From Our Founder;
On Sunday 31st May 2026, I will stand at the start line of the 10K at the Great Manchester Run.
I will not be sixty.
I will have turned sixty-two on 12th May.
And I will be running barefoot.
This is the 40@60 Challenge, and over time its meaning has grown deeper.
In Scripture, the number forty often marks seasons of formation, times of preparation, wilderness, and transformation. But 40@60 now carries another declaration as well: forty is the new sixty. Or perhaps more personally, that even in our sixties we do not have to accept decline as destiny.

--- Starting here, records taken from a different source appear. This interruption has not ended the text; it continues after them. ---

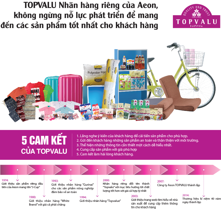 Kể từ đó, các cửa hàng của chúng tôi nhận được rất nhiều yêu cầu từ các khách hàng. Để đáp ứng yêu cầu cao của các khách hàng, nhãn hiệu riêng của AEON là “TOPVALU” chính thức được giới thiệu vào năm 1994 để thay mặt cho khách hàng khai thác các sản phẩm mà họ mong đợi. Tên của nhà sản xuất không được thể hiện trên sản phẩm TOPVALU bởi lẽ AEON đã đảm bảo trách nhiệm và giám sát tất cả các quy trình từ việc lập kế hoạch, sản xuất và bán hàng của TOPVALU. Điều này là minh chứng cho triết lý “Khách hàng là trên hết” của AEON. Chúng tôi thực hiện tiêu chuẩn quản lý chất lượng nghiêm ngặt cho quy trình phát triển nhãn hiệu riêng từ khâu lập kế hoạch cho đến khâu kiểm soát hàng hóa tồn kho nhằm đảm bảo an toàn và là sự bảo đảm cho các sản phẩm TOPVALU. TOPVALU đã trở thành một trong những nhãn hiệu riêng lớn nhất và được biết đến nhiều nhất tại Nhật Bản và doanh thu của các sản phẩm TOPVALU trong năm 2013 đã tăng lên mức 681,6 triệu Yên Nhật với hơn 6,000 mặt hàng đa dạng.
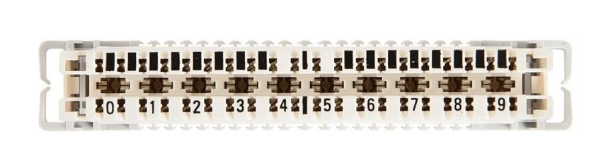Представляет собой пластиковую конструкцию с десятью встроенными парами врезных размыкаемых контактов, к которым с одной стороны попарно подключаются жилы соединительного кабеля, а с другой стороны медные пары абонентских кабелей.
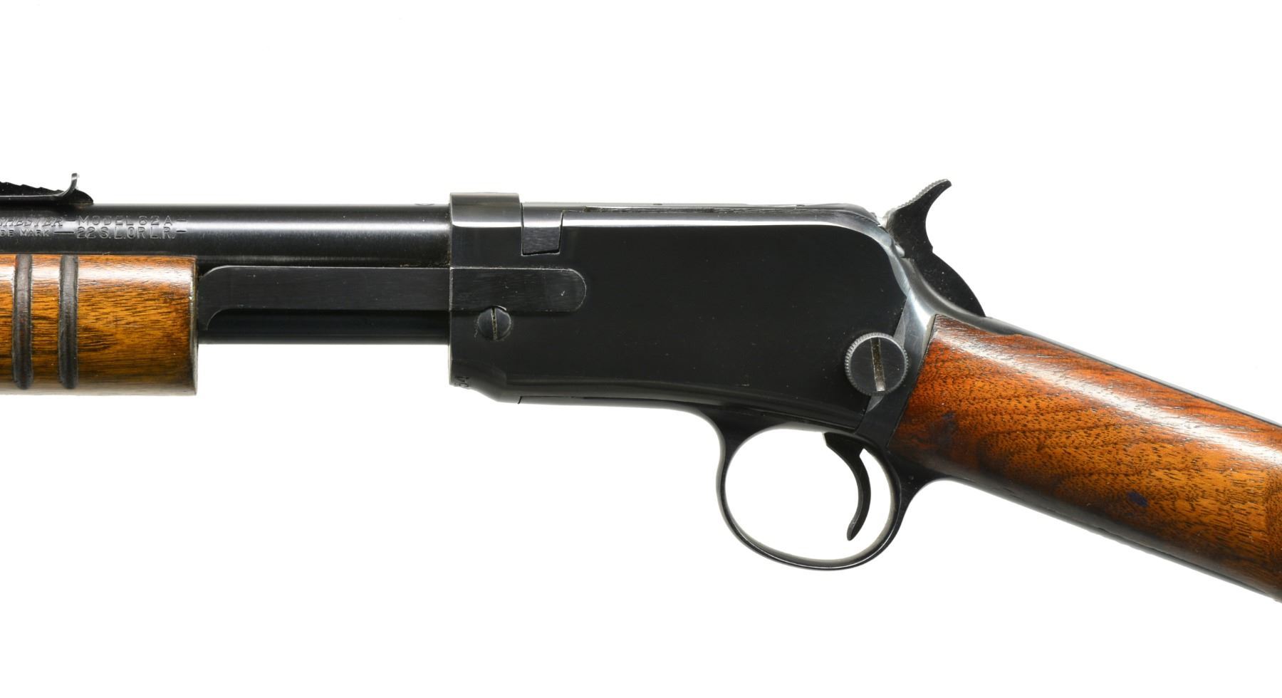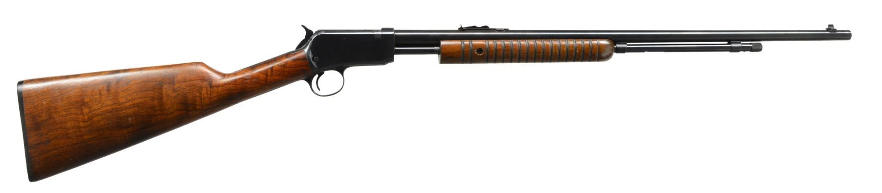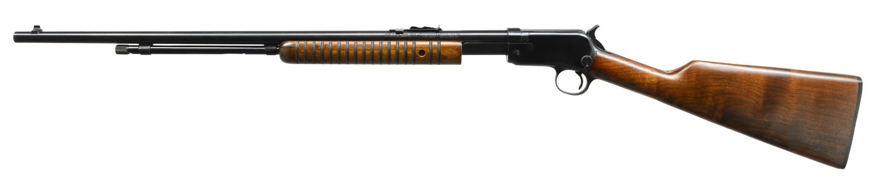 Cal. 22 S, L, LR. S# 316754. Bbl. 23" rnd. w/ standard sporting sights. Tubular mag. Flat bottom grooved forearm & straight grip stock of nicely grained walnut w/ original plastic buttplate. Mfg. 1954. CONDITION: retains over 97% original blue showing light pump handle wear. Wood has very good original finish showing a few sm. handling marks. Bright near excellent bore. (20-443/DS). CURIO. $600-900.

The challenge itself is simple to explain but demanding to live: to remain as fit, disciplined, and alive at sixty-two as many people once expected to be at forty. It is not about chasing youth or denying age, but about redefining what maturity can look like; strength combined with wisdom, endurance shaped by humility, and energy directed by purpose.
Running barefoot is a deliberate part of that story. Leadership, after all, must remain connected to the ground. Many of the children we serve through Kanzi Kibera Friends grow up with very little between their feet and the earth, and running this way reminds me how easily comfort can distance us from compassion. Barefoot running demands attentiveness; you cannot run carelessly. Every step must be thoughtful, every landing gentle, every moment present. In its own quiet way, it reflects the spirit of WholeMission leadership; grounded, aware, and intentional.
There is a familiar cultural narrative that suggests our sixties should be a time to slow down and step back. But what if this decade is not a winding down, but a recalibration? A season of sharper clarity, leaner focus, and deeper investment in the next generation. At sixty-two I am not competing with thirty-year-olds; I am competing with complacency.
When I run in Manchester, I will carry Kibera with me. When my feet meet the tarmac, I will remember dusty paths. When the lungs burn, I will remember the resilience of the communities we serve. The 40@60 Challenge helps support the daily feeding of more than 600 children, education and mentorship pathways, the development of the Kanzi Resource Centre, and practical solutions that link rural farmers to urban families in need.
This is not athletic ego. It is embodied solidarity.
At this stage of life, the real question is no longer what we can build for ourselves, but what strength we can transfer to others. Physical vitality matters because mission requires stamina. Leadership requires energy. Legacy requires longevity.
If at sixty-two I can stand barefoot at the start line and finish well, perhaps it proves something larger; that purpose keeps us young, that service sustains vitality, and that disciplined living extends the reach of our impact.
If this story resonates with you, there are many ways to join the journey: by sponsoring the run, supporting a child, sharing the story, praying with us, or even taking on your own “40@60” challenge.
Because this is not only about a race.
It is about rewriting the story of ageing, leadership, and solidarity.
Sixty-two. Barefoot. Present. Grateful. Still running—and not alone.